**EXERCISE REQUIREMENTS**
Your task is to retype, word for word, the lines from the start of the data through the line holding "Дом из бруса -кухня и две ко". Do not include the pictures.

**DATA BELOW**
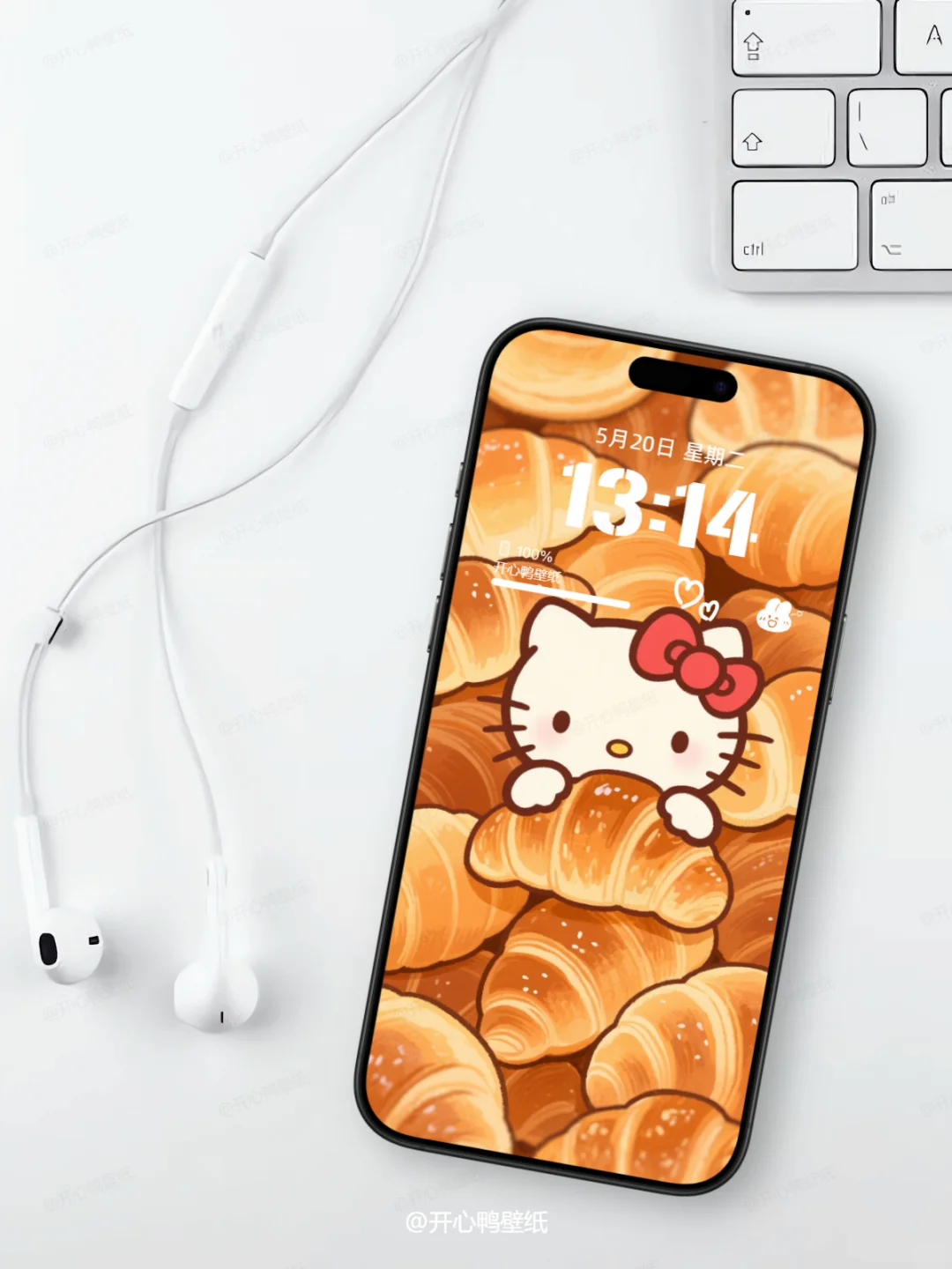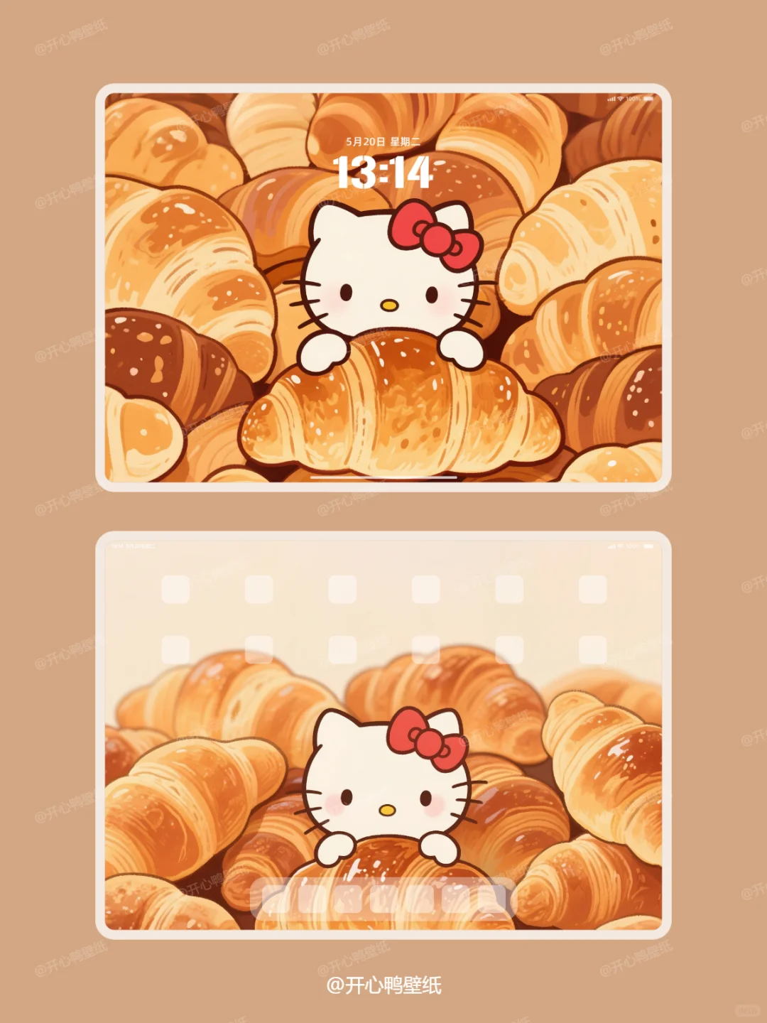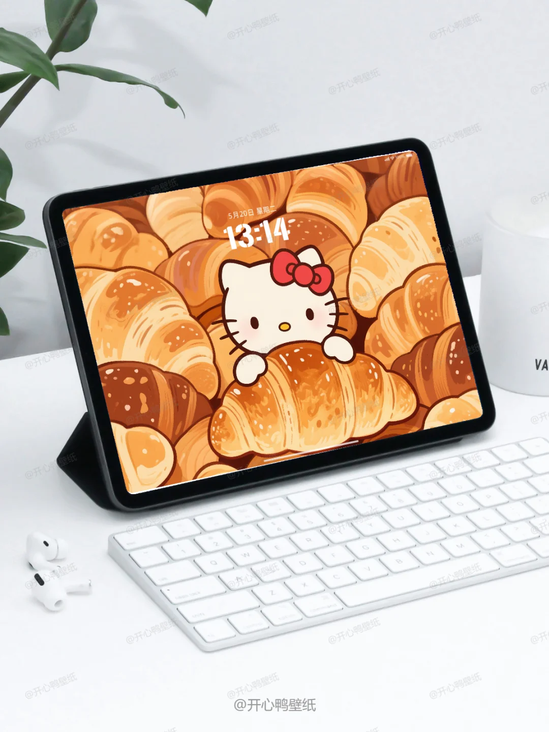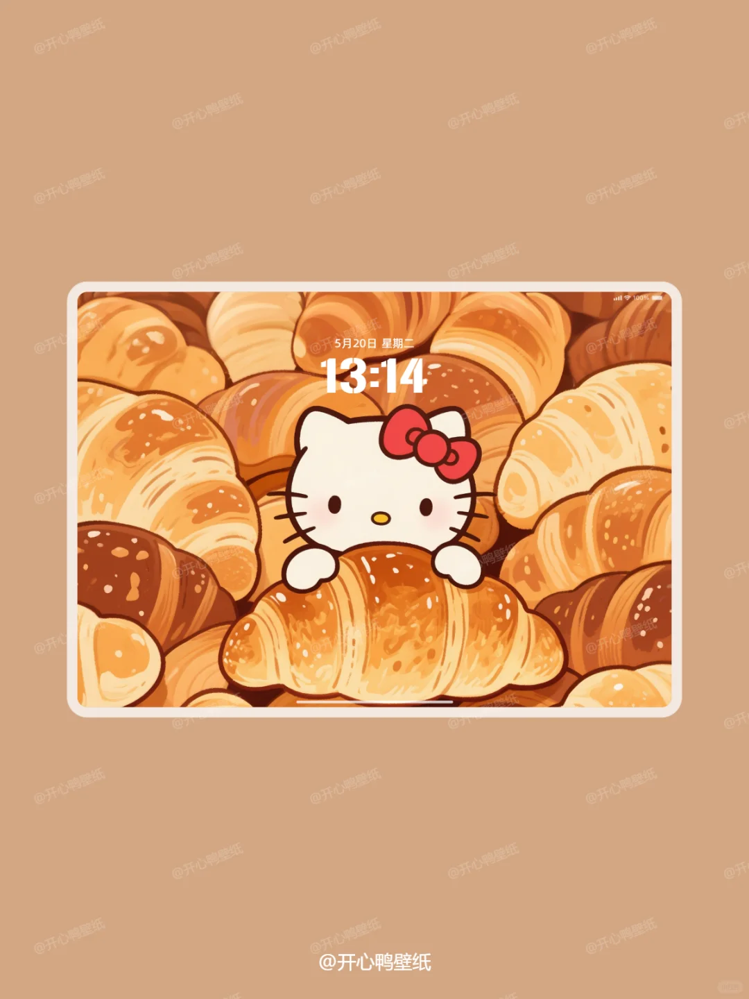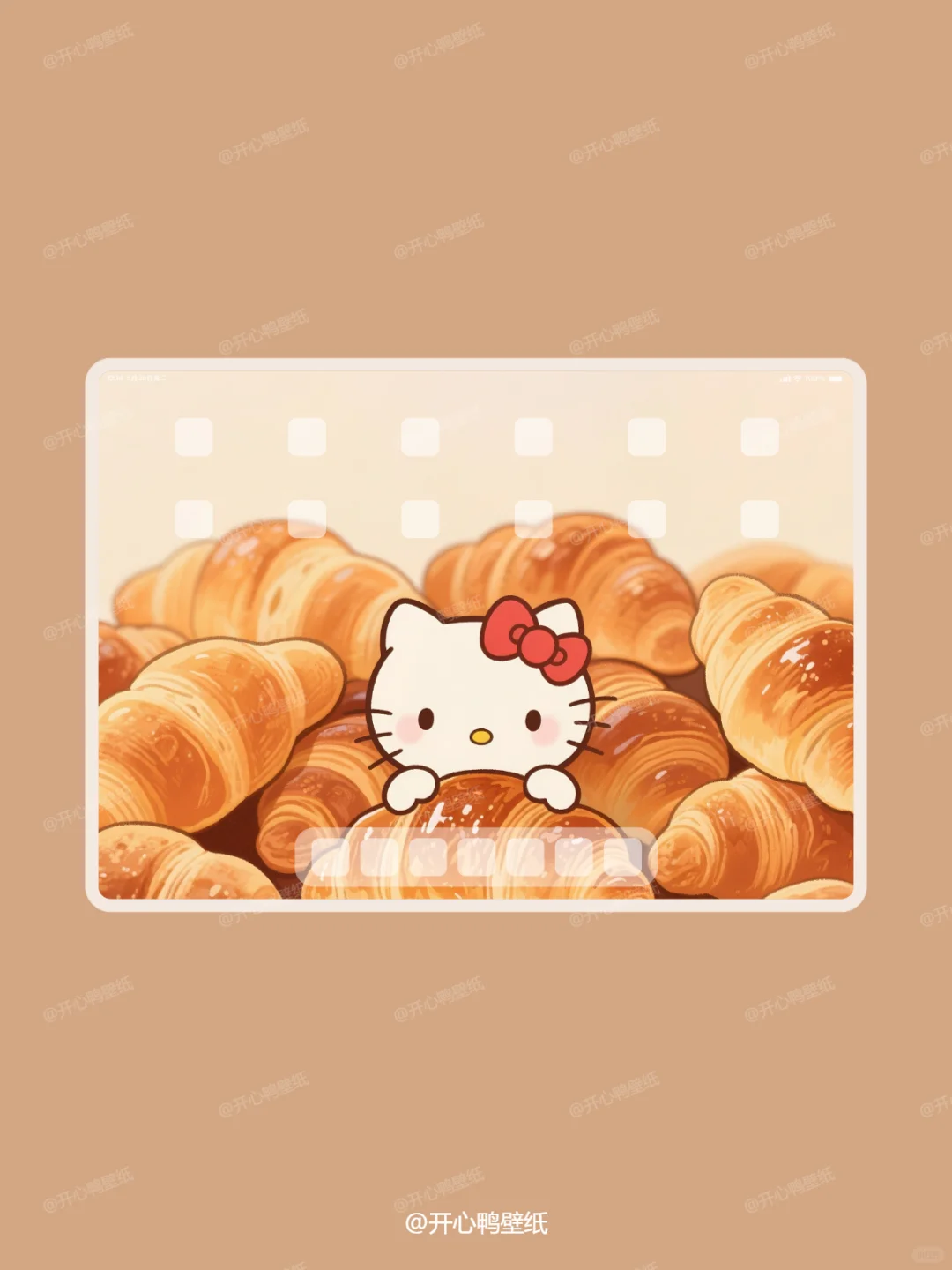 125丨Hello Kitty满屏的牛角包丨平板壁纸
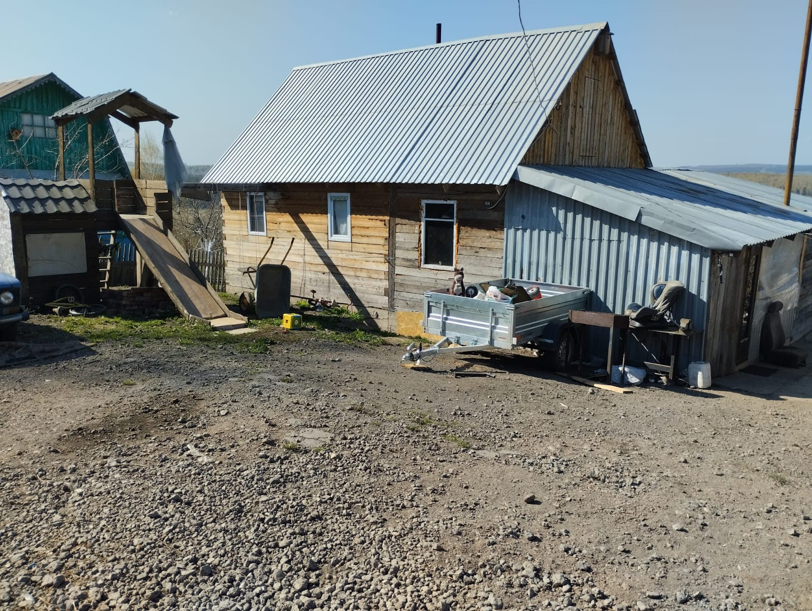 Дом из бруса -кухня и две комнаты.Баня ,веранда и хозблок под одной крышей.В доме печное отопление,можно жить круглый год. Удобная локация, 10 минут от города, направление Верхнее-Редаково, Пушкино.Центральная улица, автобусная остановка совсем рядом.  Пробурена скважина 80 метров,на двоих с соседями.Детская площадка .Забор из профлиста.Огород удобрен,сажаю каждый год.
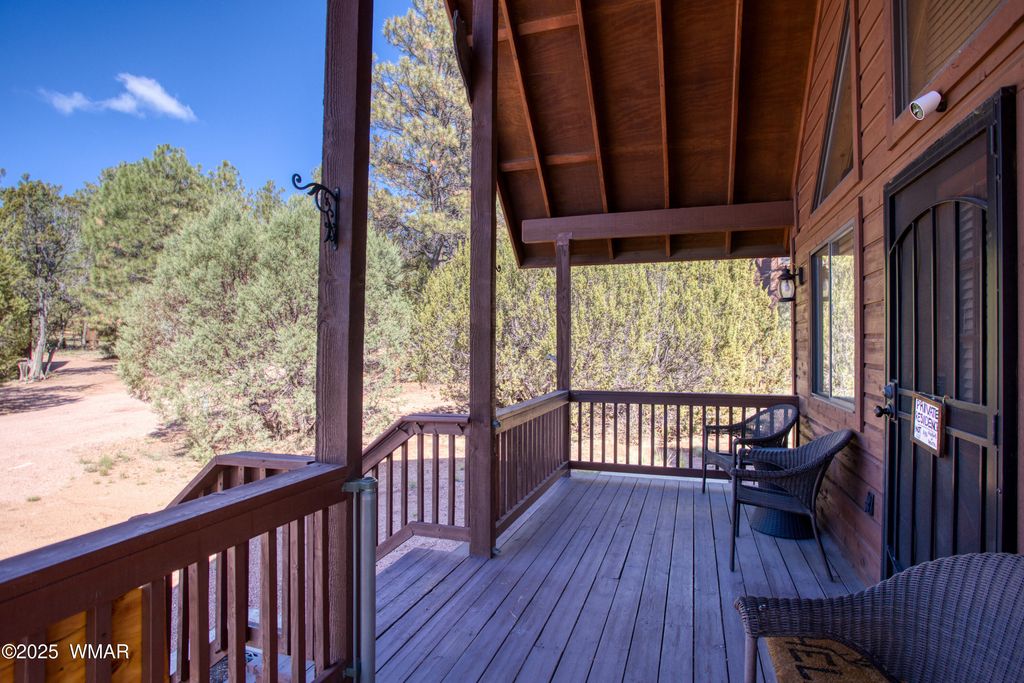 Fresh to the market and BACKING NATIONAL FOREST nestled on an oversized .19-acre lot, comes this charming two-story cabin that offers 922 sq. ft. of cozy living space with breathtaking panoramic views of the national forest. Enjoy the tranquility and privacy of having only one neighbor, while being surrounded by nature's beauty. The home features a spacious downstairs primary bedroom with a private, large bath and stunning tongue-and-groove ceilings. Upstairs, the loft is currently used as a bedroom and offers additional living space. The upgraded kitchen boasts sleek granite countertops, newer stainless steel appliances, and a welcoming stone fireplace in the great room to enjoy during cooler evenings. Step outside to your own outdoor oasis with THREE private ....(continued) ....covered decks to enjoy nature in every season. The upper deck offers panoramic forest views, while the lower spacious deck comes complete with a grill, patio furniture, and a table for entertaining. A front covered deck adds even more space for relaxation. Additional features include: 1.) Large storage shed with power for additional storage. 2.) Washer & dryer included 3.) Home is fully furnished, including kitchen items, bedding, and everything needed for turnkey living or renting 4.) One deck previously plumbed for a hot tub, awaiting your personal touch 5.) New water heater, baseboard heater, #2 portable AC units, grill, etc. Minutes from fine dining, shopping, and hiking trails, this property is ready for immediate enjoyment or to be rented out as a short-term investment. Don't miss this opportunity to own a beautiful retreat that combines modern upgrades with the serenity of nature!
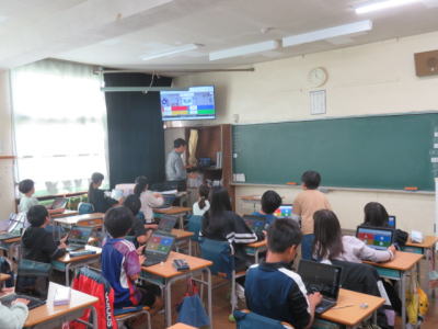 4年生の教室では、元担任である3年生の先生が補教に入っていました。課題が終わった残りの時間でことわざのクイズをカフートで出題してくれました。

**SOLUTION**
 125丨Hello Kitty满屏的牛角包丨平板壁纸
 Дом из бруса -кухня и две комнаты.Баня ,веранда и хозблок под одной крышей.В доме печное отопление,можно жить круглый год. Удобная локация, 10 минут от города, направление Верхнее-Редаково, Пушкино.Центральная улица, автобусная остановка совсем рядом.  Пробурена скважина 80 метров,на двоих с соседями.Детская площадка .Забор из профлиста.Огород удобрен,сажаю каждый год.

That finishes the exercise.